* **Aim of the task**: Repeat the span of the entries below that starts at the line with "Image of San" and ends at the line with "Czech parliamentary election", nothing more. Skip the pictures.

* **Data in this exercise**:
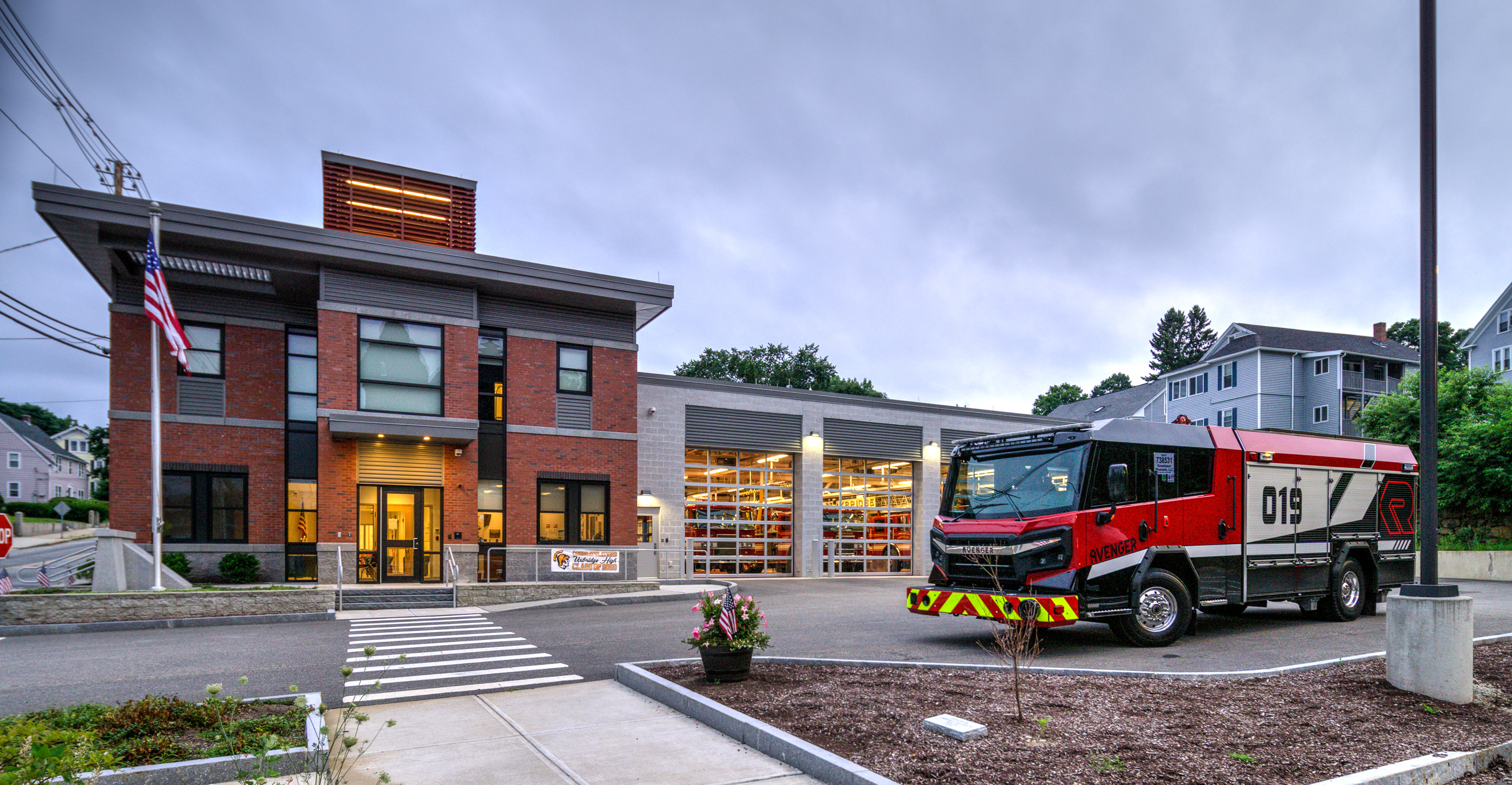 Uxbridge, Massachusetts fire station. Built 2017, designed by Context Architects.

---

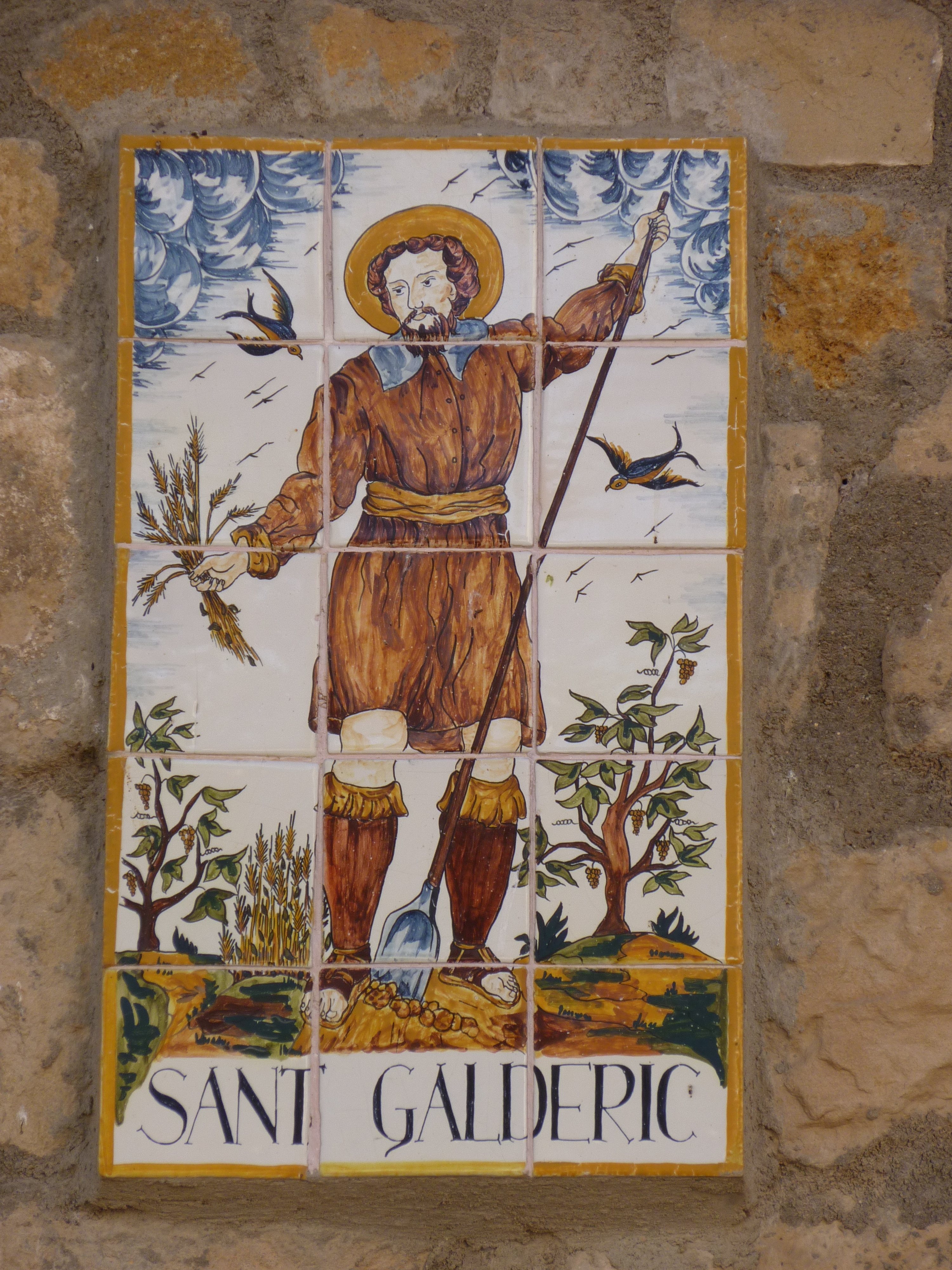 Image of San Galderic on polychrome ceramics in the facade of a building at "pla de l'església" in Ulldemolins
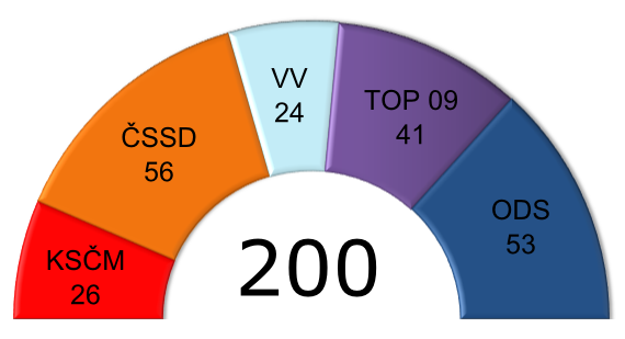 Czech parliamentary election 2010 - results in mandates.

==

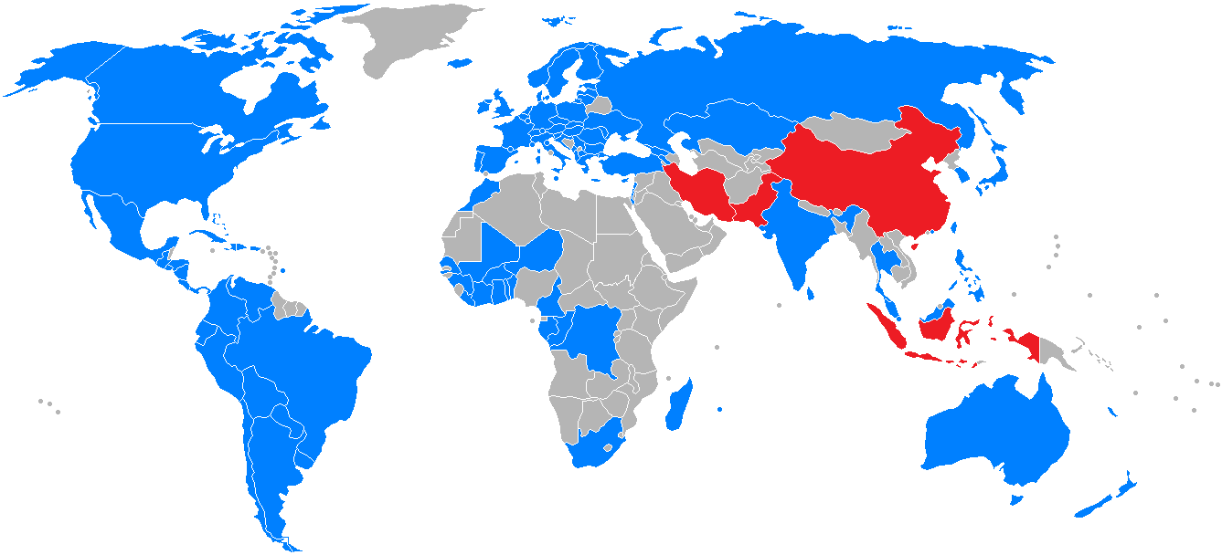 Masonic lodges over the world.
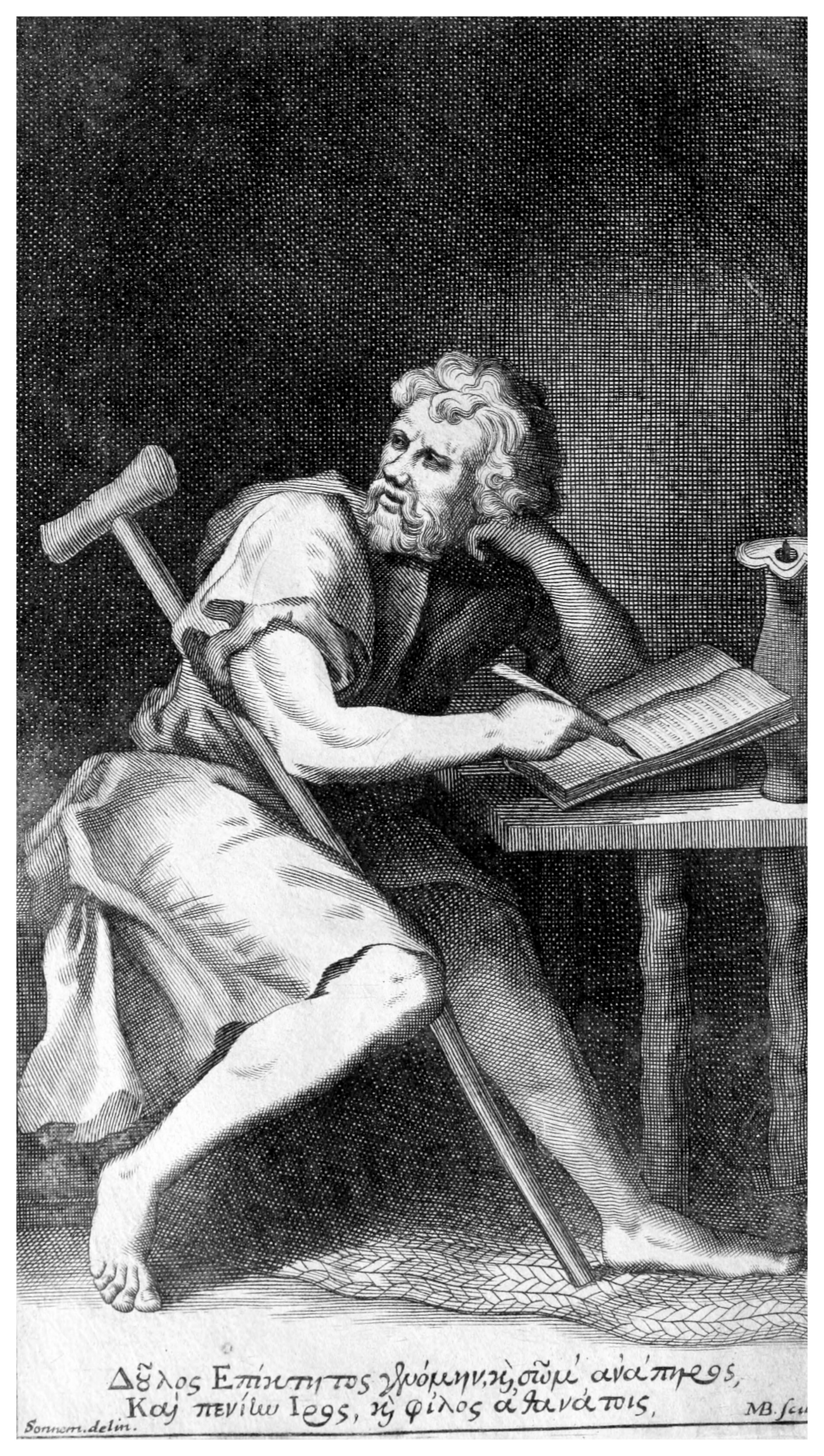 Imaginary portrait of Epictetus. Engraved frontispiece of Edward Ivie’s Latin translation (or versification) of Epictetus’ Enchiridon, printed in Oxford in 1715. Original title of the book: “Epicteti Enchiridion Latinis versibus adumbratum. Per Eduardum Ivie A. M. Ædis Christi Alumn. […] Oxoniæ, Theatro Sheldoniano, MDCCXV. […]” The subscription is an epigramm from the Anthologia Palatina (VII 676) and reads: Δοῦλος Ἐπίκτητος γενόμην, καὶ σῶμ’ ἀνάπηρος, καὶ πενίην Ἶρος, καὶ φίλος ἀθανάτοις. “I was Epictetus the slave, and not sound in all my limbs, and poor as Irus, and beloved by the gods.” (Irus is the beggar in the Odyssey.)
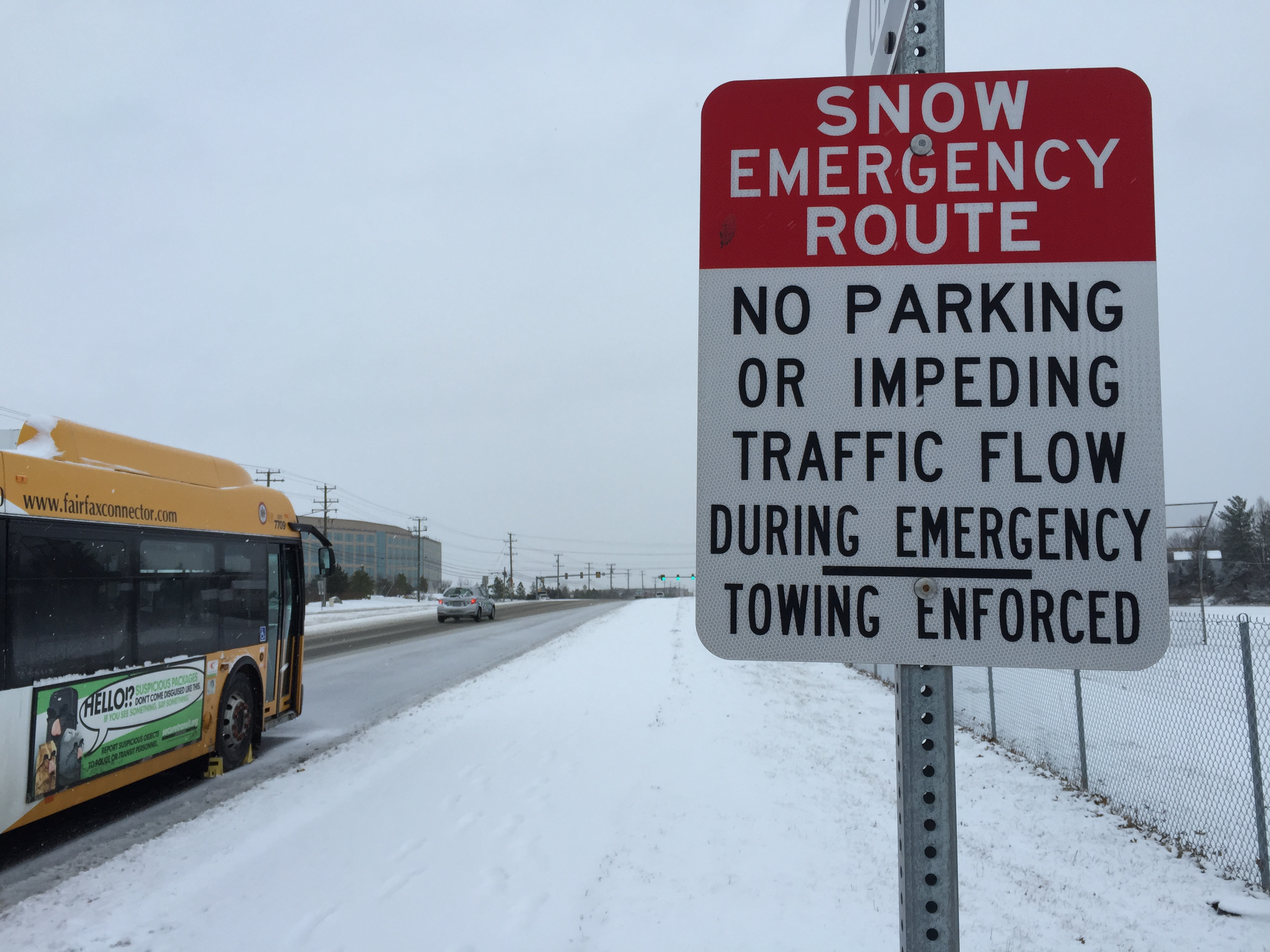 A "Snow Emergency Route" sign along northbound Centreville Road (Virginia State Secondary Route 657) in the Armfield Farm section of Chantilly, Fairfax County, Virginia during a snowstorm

* **Exercise result**:
 Image of San Galderic on polychrome ceramics in the facade of a building at "pla de l'església" in Ulldemolins
 Czech parliamentary election 2010 - results in mandates.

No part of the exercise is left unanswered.